• **Your instructions**: Repeat the span of the entries below that starts at the line with "Luckycat, fortune cat" and ends at the line with "An original photographic", nothing more. Skip the pictures.

• **Material for this task**:
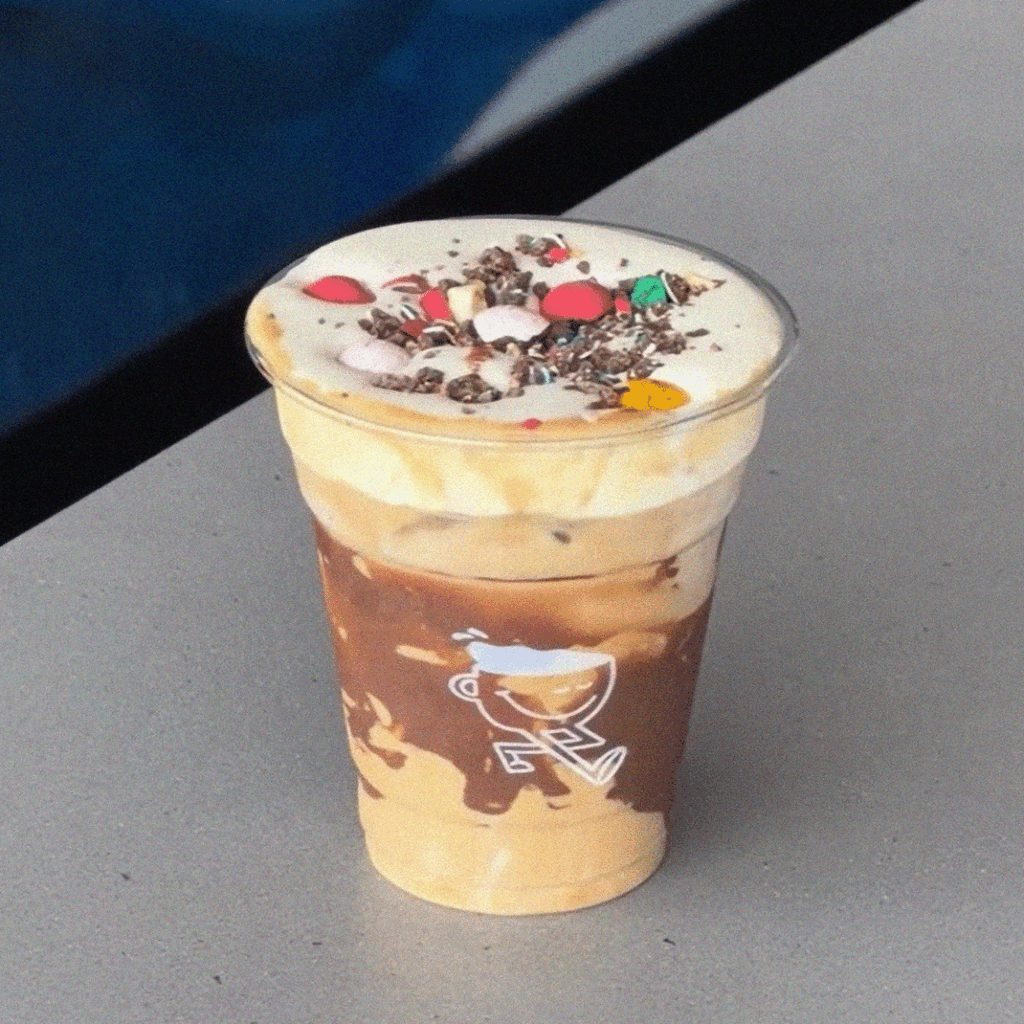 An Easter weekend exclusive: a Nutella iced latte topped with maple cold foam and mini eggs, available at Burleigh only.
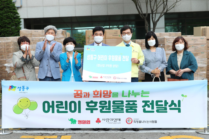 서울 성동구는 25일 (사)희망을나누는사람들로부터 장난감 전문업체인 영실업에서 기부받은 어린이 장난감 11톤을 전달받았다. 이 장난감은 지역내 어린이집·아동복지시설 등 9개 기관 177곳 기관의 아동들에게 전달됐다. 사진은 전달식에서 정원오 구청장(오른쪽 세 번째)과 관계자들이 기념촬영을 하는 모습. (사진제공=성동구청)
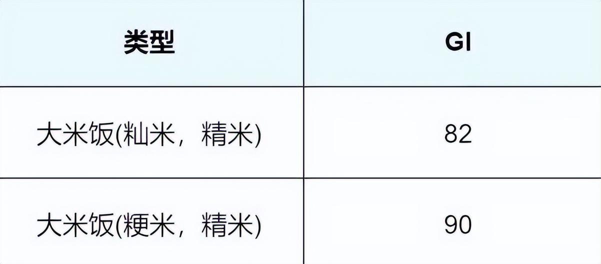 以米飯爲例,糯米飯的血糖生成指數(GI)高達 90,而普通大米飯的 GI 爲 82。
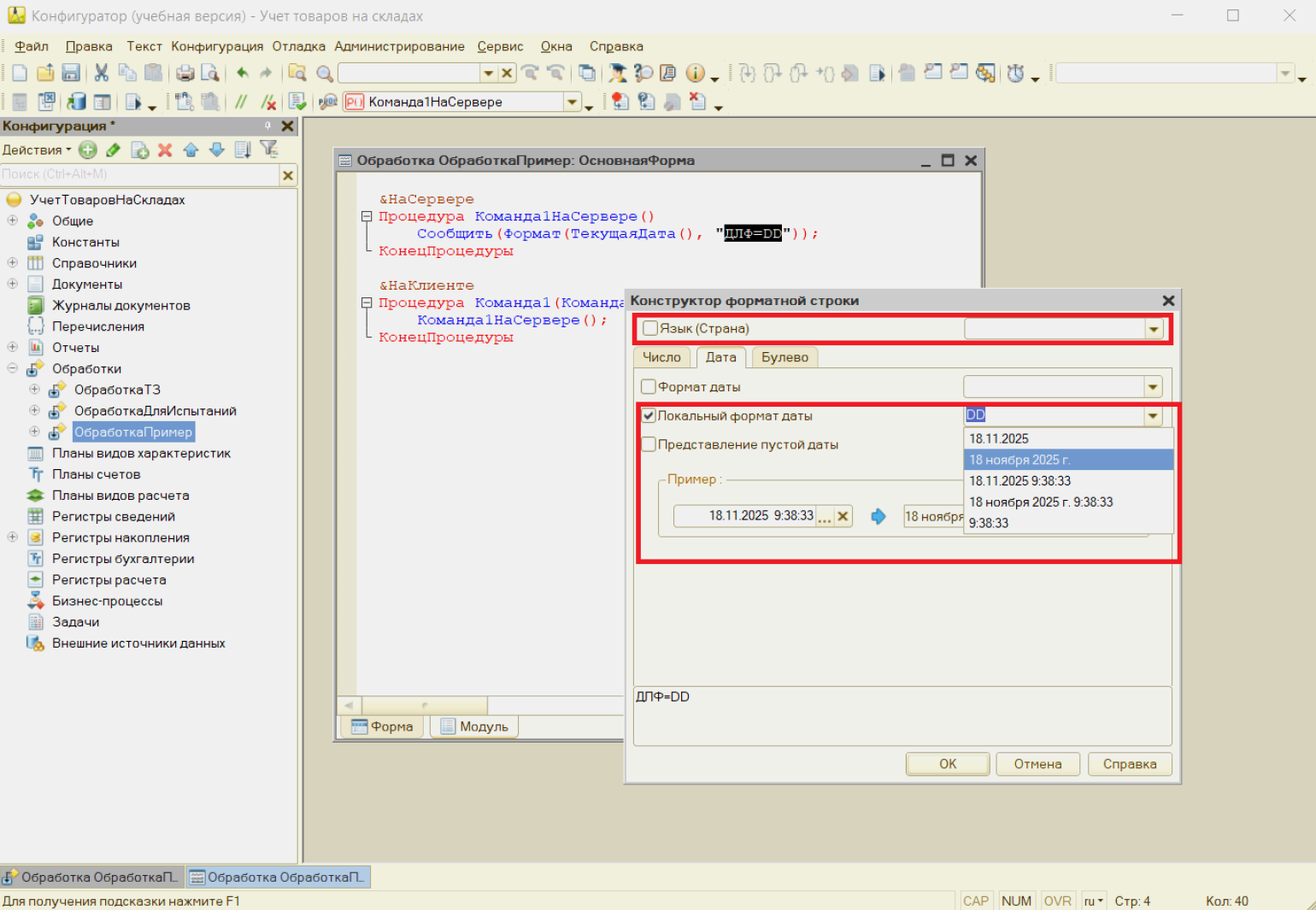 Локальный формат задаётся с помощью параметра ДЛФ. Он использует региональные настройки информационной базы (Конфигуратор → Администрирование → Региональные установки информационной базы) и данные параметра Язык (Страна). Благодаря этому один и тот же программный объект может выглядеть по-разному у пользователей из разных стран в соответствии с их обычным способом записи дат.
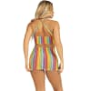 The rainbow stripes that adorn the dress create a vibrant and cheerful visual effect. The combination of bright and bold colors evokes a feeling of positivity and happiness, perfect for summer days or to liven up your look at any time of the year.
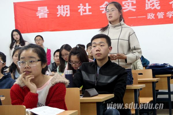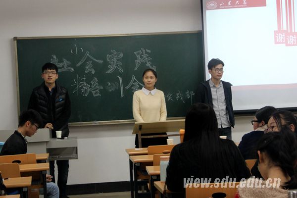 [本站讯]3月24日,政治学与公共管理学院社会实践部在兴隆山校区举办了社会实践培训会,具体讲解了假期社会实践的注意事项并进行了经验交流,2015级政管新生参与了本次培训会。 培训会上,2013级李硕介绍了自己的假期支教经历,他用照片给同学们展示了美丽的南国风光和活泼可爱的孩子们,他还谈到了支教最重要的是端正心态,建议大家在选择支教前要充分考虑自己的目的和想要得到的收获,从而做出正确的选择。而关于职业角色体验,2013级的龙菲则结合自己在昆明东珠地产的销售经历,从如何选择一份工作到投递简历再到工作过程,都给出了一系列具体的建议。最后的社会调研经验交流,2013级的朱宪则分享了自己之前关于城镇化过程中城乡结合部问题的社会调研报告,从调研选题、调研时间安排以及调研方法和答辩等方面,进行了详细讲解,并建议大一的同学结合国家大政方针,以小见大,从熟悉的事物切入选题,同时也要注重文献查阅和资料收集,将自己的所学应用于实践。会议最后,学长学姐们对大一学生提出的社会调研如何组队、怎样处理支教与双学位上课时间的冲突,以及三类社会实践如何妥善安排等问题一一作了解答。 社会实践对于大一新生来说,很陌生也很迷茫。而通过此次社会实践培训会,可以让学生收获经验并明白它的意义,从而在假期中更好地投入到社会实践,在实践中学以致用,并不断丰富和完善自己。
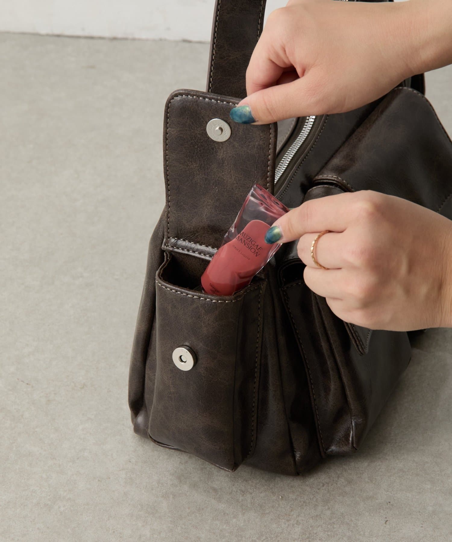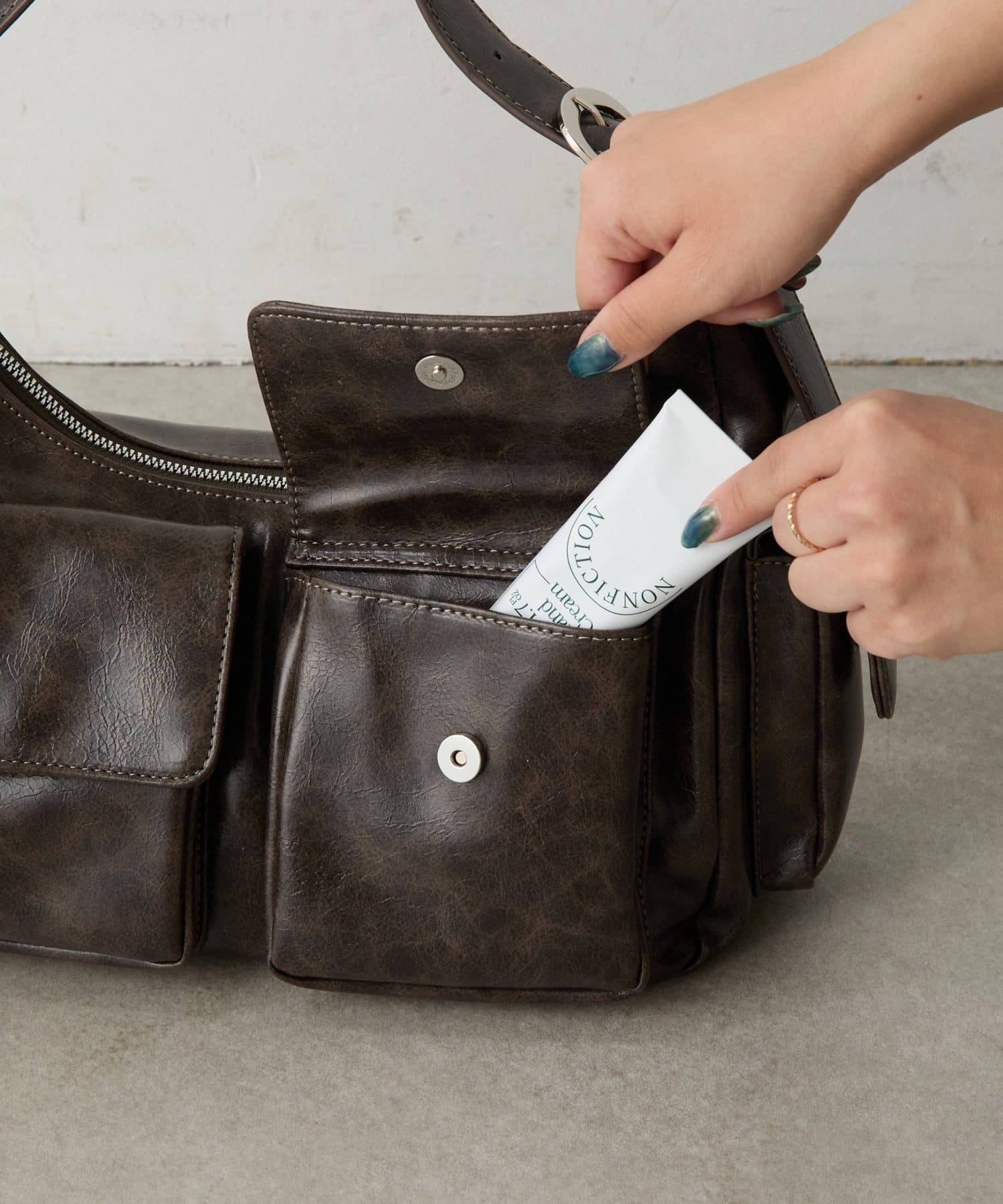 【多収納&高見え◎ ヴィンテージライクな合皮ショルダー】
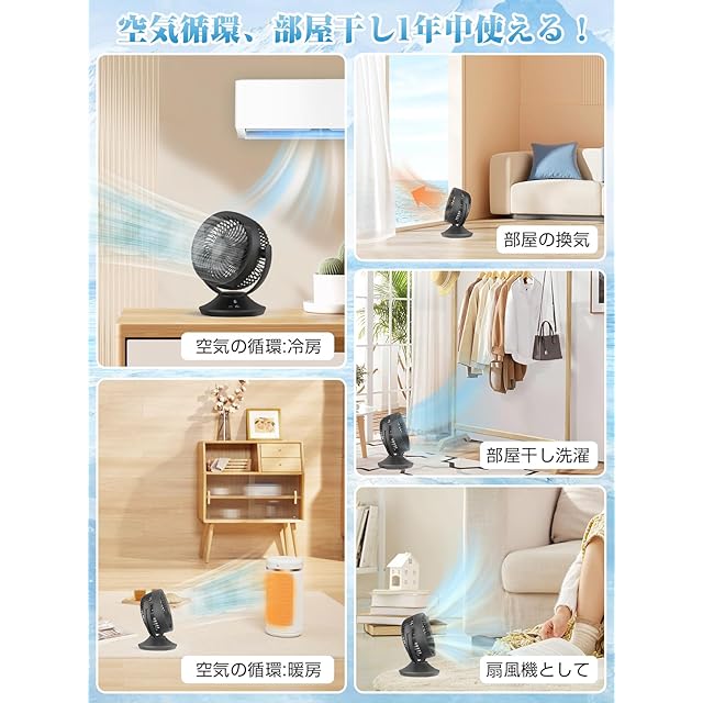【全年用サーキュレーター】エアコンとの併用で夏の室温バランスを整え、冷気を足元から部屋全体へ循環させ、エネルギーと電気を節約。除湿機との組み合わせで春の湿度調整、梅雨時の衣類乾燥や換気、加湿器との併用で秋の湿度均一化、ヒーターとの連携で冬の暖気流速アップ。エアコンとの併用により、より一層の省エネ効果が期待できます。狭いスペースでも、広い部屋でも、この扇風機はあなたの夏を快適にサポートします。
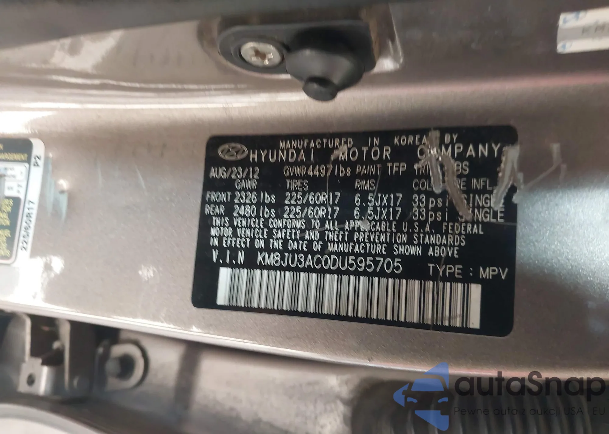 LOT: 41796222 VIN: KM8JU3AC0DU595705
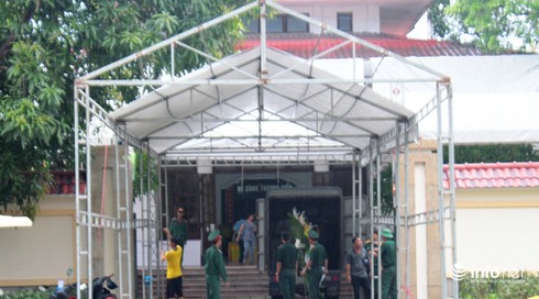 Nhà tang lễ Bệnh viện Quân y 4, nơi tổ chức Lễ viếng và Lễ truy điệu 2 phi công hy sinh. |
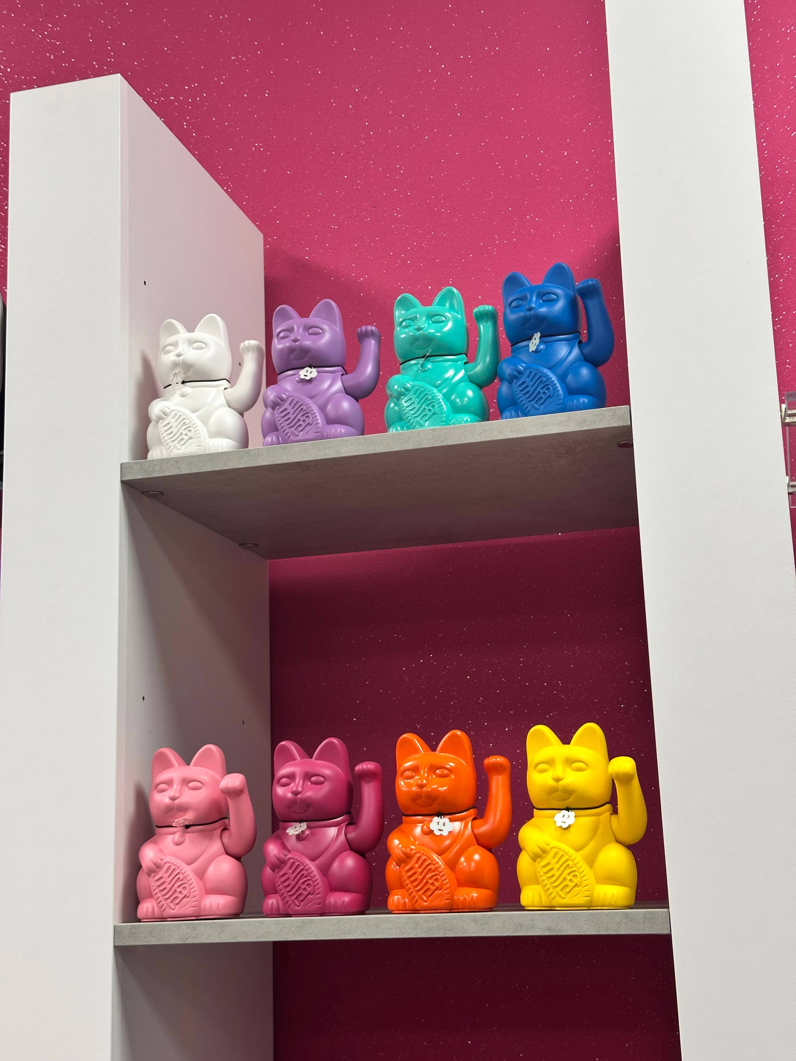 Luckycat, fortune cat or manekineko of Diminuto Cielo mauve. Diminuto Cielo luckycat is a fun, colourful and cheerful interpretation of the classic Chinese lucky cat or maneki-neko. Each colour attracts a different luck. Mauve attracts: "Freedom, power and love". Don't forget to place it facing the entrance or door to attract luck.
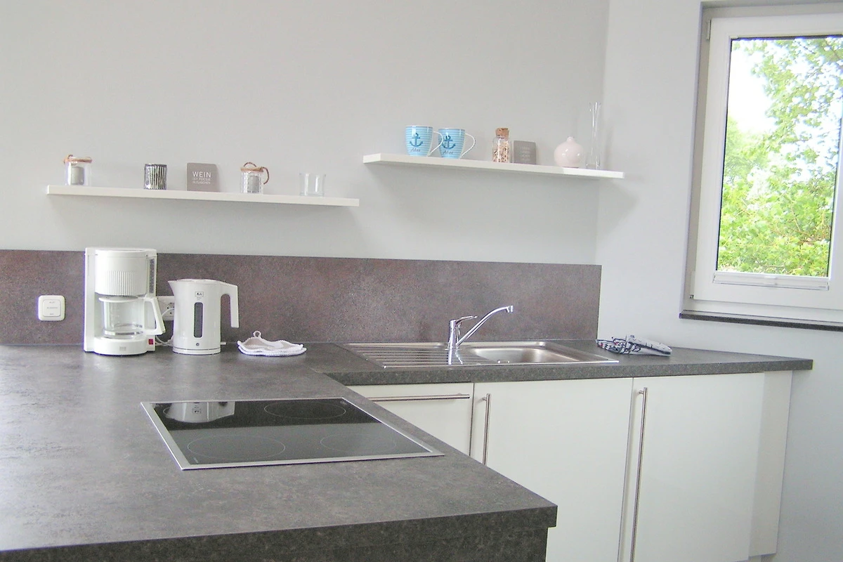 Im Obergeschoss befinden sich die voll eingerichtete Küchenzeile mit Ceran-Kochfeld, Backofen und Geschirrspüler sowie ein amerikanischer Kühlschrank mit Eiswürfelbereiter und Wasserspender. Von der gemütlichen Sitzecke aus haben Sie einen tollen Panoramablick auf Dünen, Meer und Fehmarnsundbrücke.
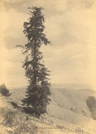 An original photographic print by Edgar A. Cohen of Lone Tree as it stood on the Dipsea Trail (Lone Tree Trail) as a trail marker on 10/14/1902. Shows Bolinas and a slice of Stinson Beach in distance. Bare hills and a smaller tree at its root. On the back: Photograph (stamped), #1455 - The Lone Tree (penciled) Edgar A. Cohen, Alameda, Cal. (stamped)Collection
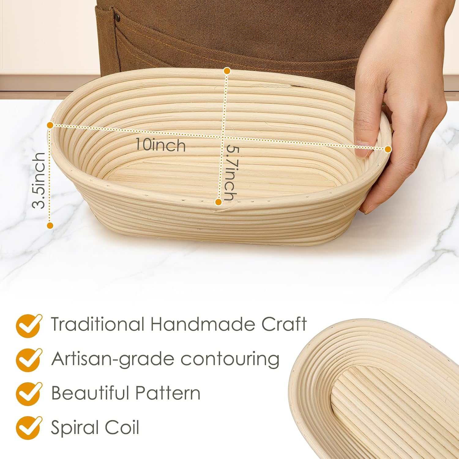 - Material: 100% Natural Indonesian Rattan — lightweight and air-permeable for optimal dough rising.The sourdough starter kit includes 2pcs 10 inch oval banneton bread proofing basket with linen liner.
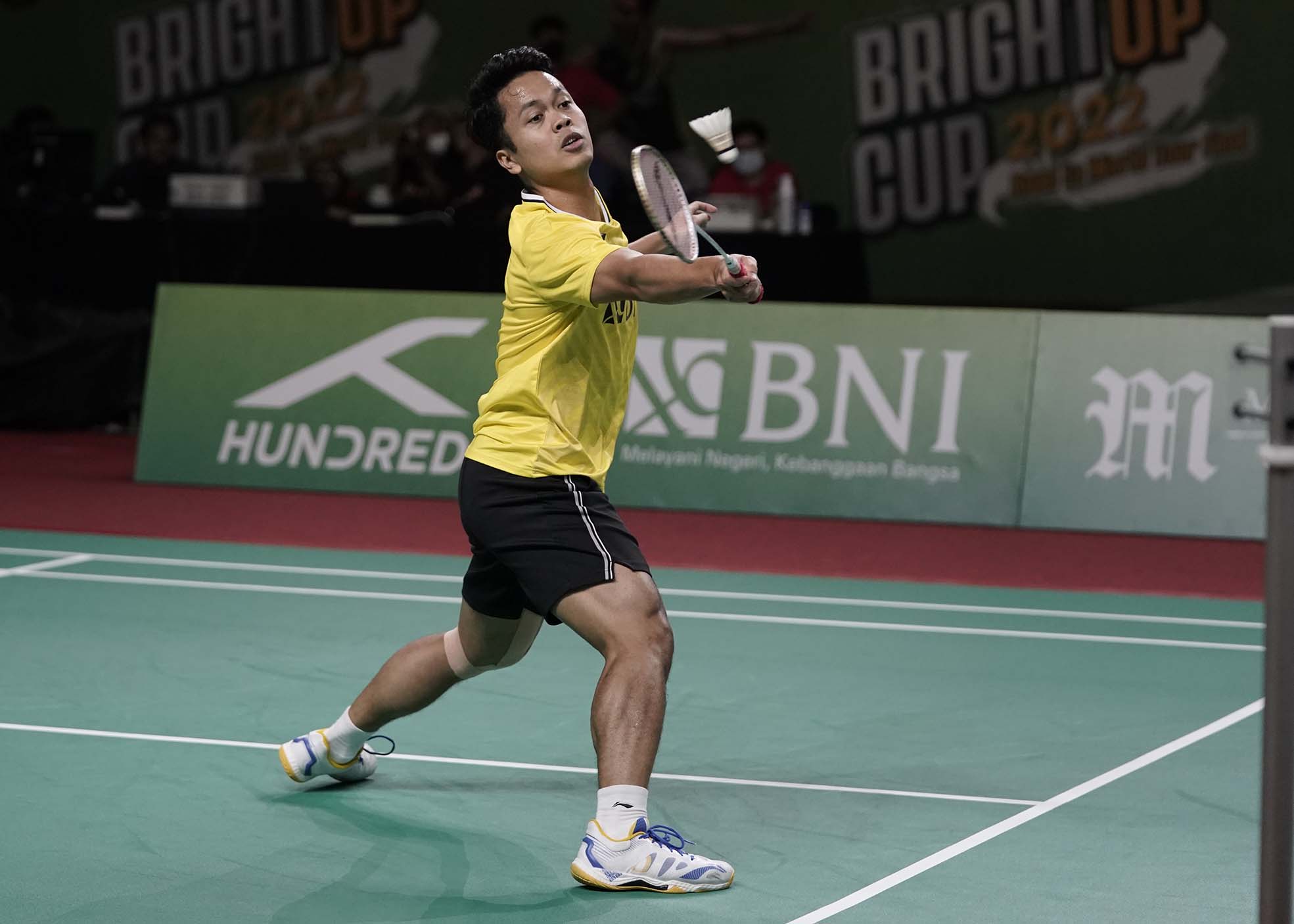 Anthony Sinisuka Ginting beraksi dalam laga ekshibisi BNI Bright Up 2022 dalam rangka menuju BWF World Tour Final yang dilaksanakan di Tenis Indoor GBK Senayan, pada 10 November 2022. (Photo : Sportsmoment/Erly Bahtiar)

• **Answer to the exercise**:
 Luckycat, fortune cat or manekineko of Diminuto Cielo mauve. Diminuto Cielo luckycat is a fun, colourful and cheerful interpretation of the classic Chinese lucky cat or maneki-neko. Each colour attracts a different luck. Mauve attracts: "Freedom, power and love". Don't forget to place it facing the entrance or door to attract luck.
 Im Obergeschoss befinden sich die voll eingerichtete Küchenzeile mit Ceran-Kochfeld, Backofen und Geschirrspüler sowie ein amerikanischer Kühlschrank mit Eiswürfelbereiter und Wasserspender. Von der gemütlichen Sitzecke aus haben Sie einen tollen Panoramablick auf Dünen, Meer und Fehmarnsundbrücke.
 An original photographic print by Edgar A. Cohen of Lone Tree as it stood on the Dipsea Trail (Lone Tree Trail) as a trail marker on 10/14/1902. Shows Bolinas and a slice of Stinson Beach in distance. Bare hills and a smaller tree at its root. On the back: Photograph (stamped), #1455 - The Lone Tree (penciled) Edgar A. Cohen, Alameda, Cal. (stamped)Collection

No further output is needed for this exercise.